Displacement calibration¶
Using pulsed
mode, we calibrate the amplitude of the memory drive (in FS units) and find the linear conversion factor to transform them into \(\alpha\) displacement units. We do a 2D sweep of qubit selective \(\pi\) pulse frequency and memory drive amplitude. We first displace the cavity with a pulse at the cavity frequency with a \(\sin^2\) envelope. Next we apply the qubit-control pulse. This pulse is a selective \(\pi\) pulse with a \(\sin^2\) envelope. The readout pulse is at the frequency of the readout resonator and has a square envelope. By probing the state of the qubit at different frequencies, we directly get the probablility that the cavity is in any of the Fock states \(|n\rangle\) when the frequency of the selective qubit pulse matches the \(f_q-n\chi\). Here \(f_q\) is the frequency of the qubit when memory is in the vacuum state (n=0), \(n\) is the Fock state number and \(\chi\) is the despersive shift between the memory and the qubit.
The class for performing the displacement calibration experiment is available at presto-measure/displacement_calibration.py. Here, we run the experiment and observe characteristic peaks that appear. We then have a look at the main parts of the code.
You can create a new experiment and run it on your Presto. Be sure to change the parameters of DisplacementCalibration
to match your experiment and change presto_address
to match the IP address of your Presto:
from displacement_calibration import DisplacementCalibration
import numpy as np
experiment = DisplacementCalibration(
readout_freq=6.2e9,
control_freq=4.2e9,
control_df_arr=np.linspace(-19e6, 1e6, 201),
memory_freq=3.5e9,
readout_amp=0.1,
control_amp=0.5,
memory_amp_arr=np.linspace(0, 0.5, 6),
readout_duration=2.5e-6,
control_duration=2000e-9,
memory_duration=50e-9,
sample_duration=2.5e-6,
readout_port=1,
control_port=2,
memory_port=5,
sample_port=1,
wait_delay=5e-3,
readout_sample_delay=0e-9,
num_averages=1,
)
presto_address = "192.168.88.65" # your Presto IP address
save_filename = experiment.run(presto_address)
Or you can also load older data:
experiment = DisplacementCalibration.load("../data/displacement_calibration_20240130_105117.h5")

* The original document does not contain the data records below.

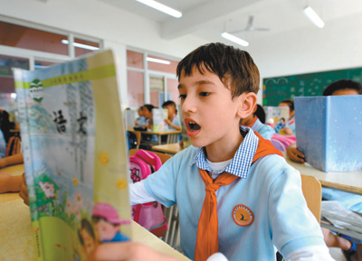 圖為9月13日,在安徽省合肥市蚌埠路第二小學(xué),德國籍小學(xué)生正在用普通話朗讀課文。VuX安康新聞網(wǎng)
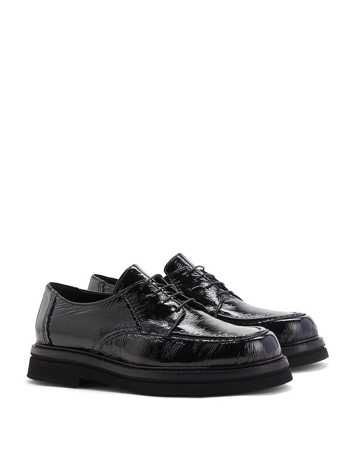 Эффект лака, без аппликаций, одноцветное изделие, подкладка из кожи, скругленный носок, без каблука, резиновая подошва, содержит нетекстильные части животного происхождения, шнуровка
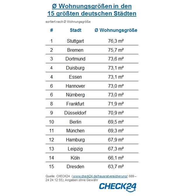 - Je größer der Wohnort desto kleiner die WohnungStuttgarter haben die größten Wohnungen. Im Vergleich der 15 größten deutschen Städte geben CHECK24-Kunden aus Stuttgart bei Abschluss einer Hausratversicherung im Schnitt 20 Prozent mehr Wohnfläche an als Verbraucher aus Dresden: Die Schwaben leben auf 76,3 m², Dresdner nur auf 63,7 m².*
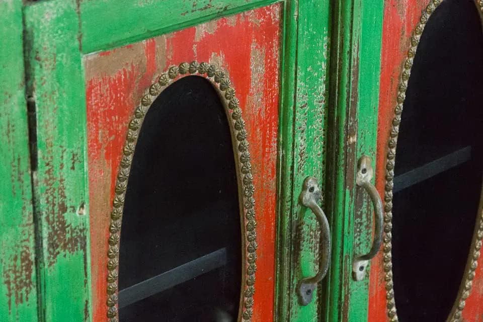 Antique Indian Brass Work Hand Carved Solid Wooden Sideboard Greenwash Mango Wood Indian Arched Sideboard Cabinet Storage Units Indian Solid Wood Finish,Living Room Bedroom Furniture,Modern Sideboard

In either case, we analyze the data to get a nice plot and fit the data.
experiment.analyze()
The peaks are separated by the dispersive coupling between the qubit and the memory \(\chi/2\pi\).
Note
Depending on the Hamiltonian representation the peaks are either separated by \(\chi/2\pi\) or \(\chi/\pi\). We adopt the former Hamiltonian representation.
Note
Depending on the strenght of the interaction between the qubit and the memory, the frequency of the peaks might have a correction to the linear dispersive shift \(\chi\). We do not fit for this correction in this example.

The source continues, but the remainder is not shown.